- **DATA SEGMENT**:
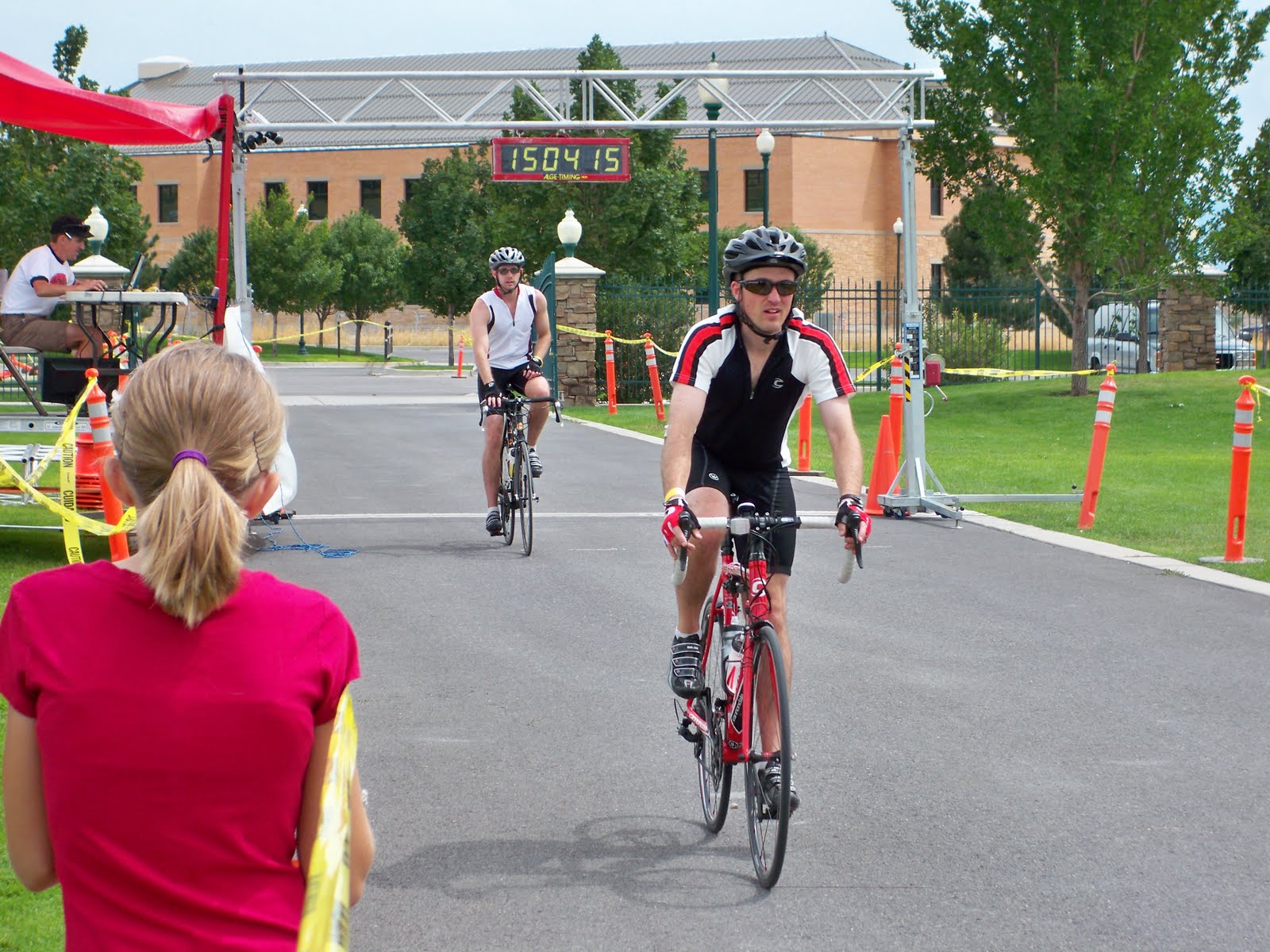 I have to tell you about a friend I met. When I was biking up the first hill I was right behind her and we were cheering each other on. I passed her after the hill but then she passed me again and we were together on the second hill cheering each other on again. Then I was right behind her in the run, so I caught up to her. We ran together for a bit. When we were on the last mile, she said "We need to finish together." I said, "Wanna hold hands as we finish?" And she said, "Yeah, let's do it." Our speed was pretty fast (for me) that last mile and I give her all the credit. I couldn't have done it without her. Around the Scera Shell, we grabbed hands and finished at the exact same time! Thanks Abby! You were awesome!
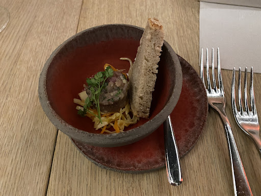 An adventurous and breathtaking journey on an extremely narrow road leads up to the Kogel 3 restaurant in southern Styria just before the Slovenian border. The view is certainly unique during the day, which I was unfortunately not granted to see and evaluate. The interior is tasteful and kept simple but noble. The staff is friendly attentive and shows humor. To give a final and fair evaluation is with scheduled and regularly changing chefs with a one-time visit - in a cheerful group and on top of that at Corona times - at the beginning of 2022 certainly not achievable with a visit, yet I would like to try. Since we had booked a menu with a fixed beverage selection, my evaluation is limited to this. There was an amuse-gueule in the form of a tuna tartare, which was very subtly seasoned, with a piece of rye bread. Unfortunately, the waiters were not very pro-active in taking the appetizer selection, so that many of my fellow guests, through ignorance, neglected to explicitly order the liver dumpling soup (very low-sodium flavored) or even a side salad (which I deliberately chose not to have). The beef tartare was well done in terms of craftsmanship and appearance. I looked in vain for a separate egg yolk or one that stood out from the tartare, as well as fresh pepper and salt from the shaker to adjust. Taste-wise it was - you guessed it - very fine, almost timid, seasoned, so to speak "á la nature". The liver dumpling soup consisted of a subtly salted beef bone broth which was provided with an insert of crunchy root vegetables and the eponymous liver dumplings. The dumplings - along with the sumptuous caper of beef tartare - were the most characterfully flavored components of the evening's menu. The main course was simple and unerringly selectable. As is generally known, you can never go wrong with a schnitzel in Austria. The term "Kalbswienerschnitzel" in the composition "Surf & Turf", which was my choice, unfortunately led to a misunderstanding. It was a meat plantlet on a potato puree garnished with two slices of truffle. My next-door eater had opted for a schnitzel, which fortunately came with a slice of lemon. I could use this only too well for my breaded and deep-fried squid, since it lacked any acidity, as well as the classic mayonnaise/sauce. To quote a well-known Bavarian top chef: There was a lack of speed. "In love" was the chef in any case apparently not, because everything was generally very restrained salted and spiced. Tastes are - fortunately - different, for me personally it was simply too "sparse" tasted. To my relief, from shortly after the beef tartare, before the soup or for most before the main course, salt and pepper were on the tables, so that I could at least season this both. The quality of the products was absolutely top: freshness and recognizably best choice. Nevertheless, I must clarify here once, just because you distribute two neat slices of truffle over a dish, it does not make it - at least to my taste and understanding - a world-class dish. I am an absolute mushroom lover, truffle has never been able to inspire me. It's kind of like garnishing a chicken egg cooked any which way with a teaspoon of sturgeon caviar and expecting to be judged a cooking genius in return. I couldn't get excited about a dessert because, according to our table waiter, there was only a sweet selection and/or coffee to choose from and I'm more of a cheese dessert type. If I had to sum it up, I would say: the chef acting at this time is tender with salt and absolutely sparing with any spice to the ingredients and leaves everything to its natural flavor, similar to the classic Japanese cuisine. I enjoyed the evening at Kogel 3, but I would not actively go there a second time. It was good, but just that, not outstanding or impressive and inspiring to colorful memory and rapture. For this simply lacked outstanding flavor peaks, corners and edges, with which all good cuisines play contrary and mutually supportive in taste. Therefore,...
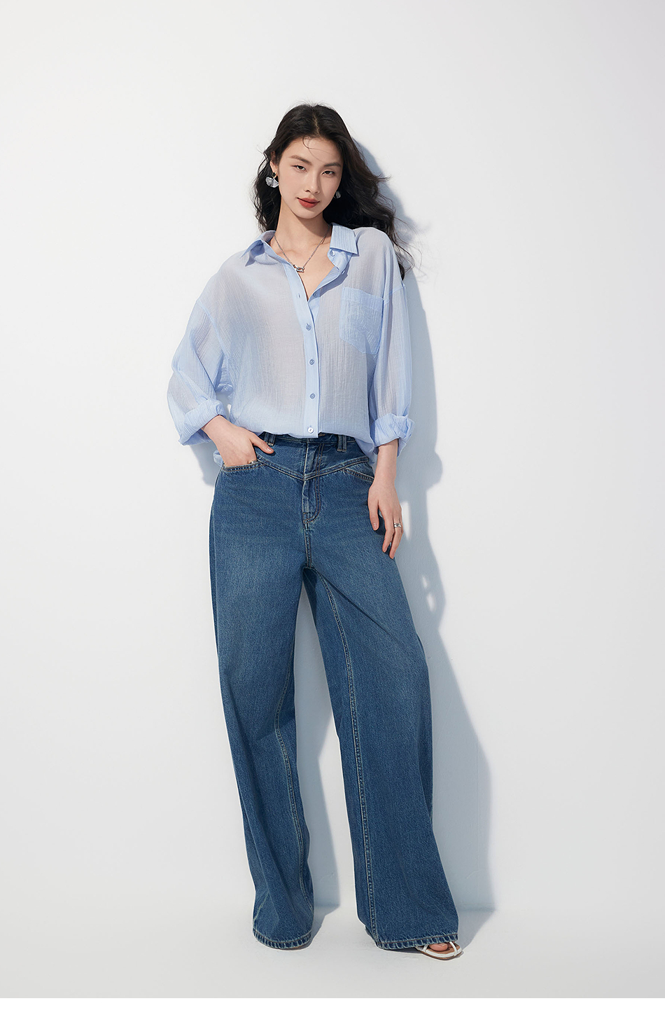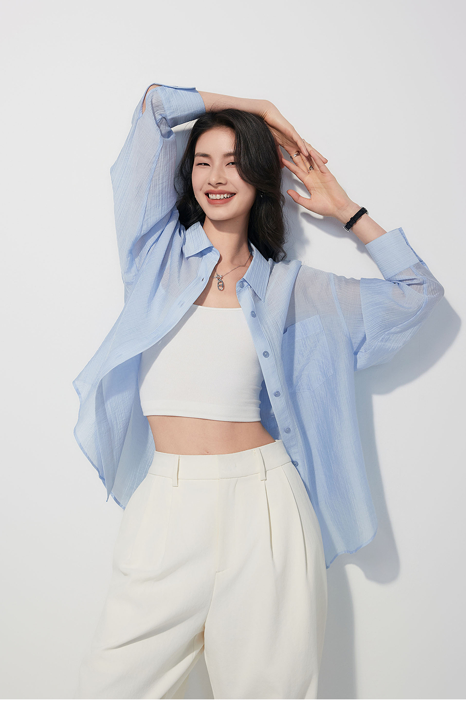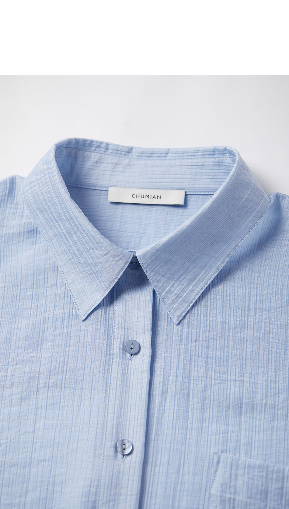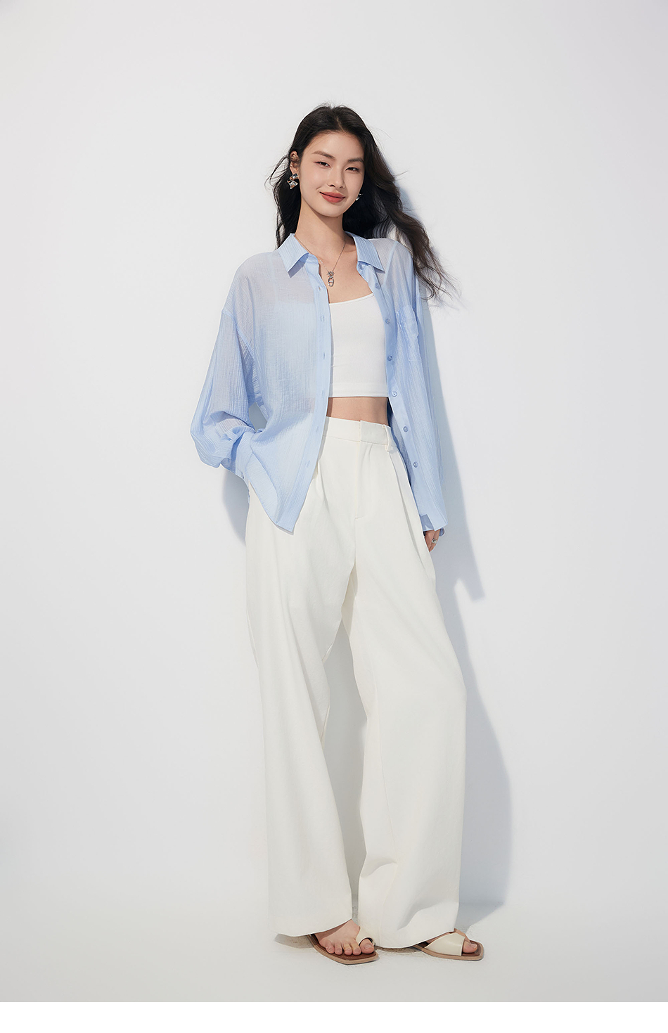 棉仓363604012-初棉无袖口袋小金扣宽松版亚麻衬衫
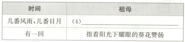 (3)空,结合“这以后的每一天”,找到第⑥段中“这以后的每一天,祖母总要去葵花地跑几个来回,为葵花苗锄草、松土、浇水和施肥”可概括出:为葵花苗锄草、松土、浇水和施肥。第

- **YOUR INSTRUCTIONS**:
Set down all of the material above exactly as written, leaving the pictures out.

- **RESPONSE**:
 I have to tell you about a friend I met. When I was biking up the first hill I was right behind her and we were cheering each other on. I passed her after the hill but then she passed me again and we were together on the second hill cheering each other on again. Then I was right behind her in the run, so I caught up to her. We ran together for a bit. When we were on the last mile, she said "We need to finish together." I said, "Wanna hold hands as we finish?" And she said, "Yeah, let's do it." Our speed was pretty fast (for me) that last mile and I give her all the credit. I couldn't have done it without her. Around the Scera Shell, we grabbed hands and finished at the exact same time! Thanks Abby! You were awesome!
 An adventurous and breathtaking journey on an extremely narrow road leads up to the Kogel 3 restaurant in southern Styria just before the Slovenian border. The view is certainly unique during the day, which I was unfortunately not granted to see and evaluate. The interior is tasteful and kept simple but noble. The staff is friendly attentive and shows humor. To give a final and fair evaluation is with scheduled and regularly changing chefs with a one-time visit - in a cheerful group and on top of that at Corona times - at the beginning of 2022 certainly not achievable with a visit, yet I would like to try. Since we had booked a menu with a fixed beverage selection, my evaluation is limited to this. There was an amuse-gueule in the form of a tuna tartare, which was very subtly seasoned, with a piece of rye bread. Unfortunately, the waiters were not very pro-active in taking the appetizer selection, so that many of my fellow guests, through ignorance, neglected to explicitly order the liver dumpling soup (very low-sodium flavored) or even a side salad (which I deliberately chose not to have). The beef tartare was well done in terms of craftsmanship and appearance. I looked in vain for a separate egg yolk or one that stood out from the tartare, as well as fresh pepper and salt from the shaker to adjust. Taste-wise it was - you guessed it - very fine, almost timid, seasoned, so to speak "á la nature". The liver dumpling soup consisted of a subtly salted beef bone broth which was provided with an insert of crunchy root vegetables and the eponymous liver dumplings. The dumplings - along with the sumptuous caper of beef tartare - were the most characterfully flavored components of the evening's menu. The main course was simple and unerringly selectable. As is generally known, you can never go wrong with a schnitzel in Austria. The term "Kalbswienerschnitzel" in the composition "Surf & Turf", which was my choice, unfortunately led to a misunderstanding. It was a meat plantlet on a potato puree garnished with two slices of truffle. My next-door eater had opted for a schnitzel, which fortunately came with a slice of lemon. I could use this only too well for my breaded and deep-fried squid, since it lacked any acidity, as well as the classic mayonnaise/sauce. To quote a well-known Bavarian top chef: There was a lack of speed. "In love" was the chef in any case apparently not, because everything was generally very restrained salted and spiced. Tastes are - fortunately - different, for me personally it was simply too "sparse" tasted. To my relief, from shortly after the beef tartare, before the soup or for most before the main course, salt and pepper were on the tables, so that I could at least season this both. The quality of the products was absolutely top: freshness and recognizably best choice. Nevertheless, I must clarify here once, just because you distribute two neat slices of truffle over a dish, it does not make it - at least to my taste and understanding - a world-class dish. I am an absolute mushroom lover, truffle has never been able to inspire me. It's kind of like garnishing a chicken egg cooked any which way with a teaspoon of sturgeon caviar and expecting to be judged a cooking genius in return. I couldn't get excited about a dessert because, according to our table waiter, there was only a sweet selection and/or coffee to choose from and I'm more of a cheese dessert type. If I had to sum it up, I would say: the chef acting at this time is tender with salt and absolutely sparing with any spice to the ingredients and leaves everything to its natural flavor, similar to the classic Japanese cuisine. I enjoyed the evening at Kogel 3, but I would not actively go there a second time. It was good, but just that, not outstanding or impressive and inspiring to colorful memory and rapture. For this simply lacked outstanding flavor peaks, corners and edges, with which all good cuisines play contrary and mutually supportive in taste. Therefore,...
 棉仓363604012-初棉无袖口袋小金扣宽松版亚麻衬衫
 (3)空,结合“这以后的每一天”,找到第⑥段中“这以后的每一天,祖母总要去葵花地跑几个来回,为葵花苗锄草、松土、浇水和施肥”可概括出:为葵花苗锄草、松土、浇水和施肥。第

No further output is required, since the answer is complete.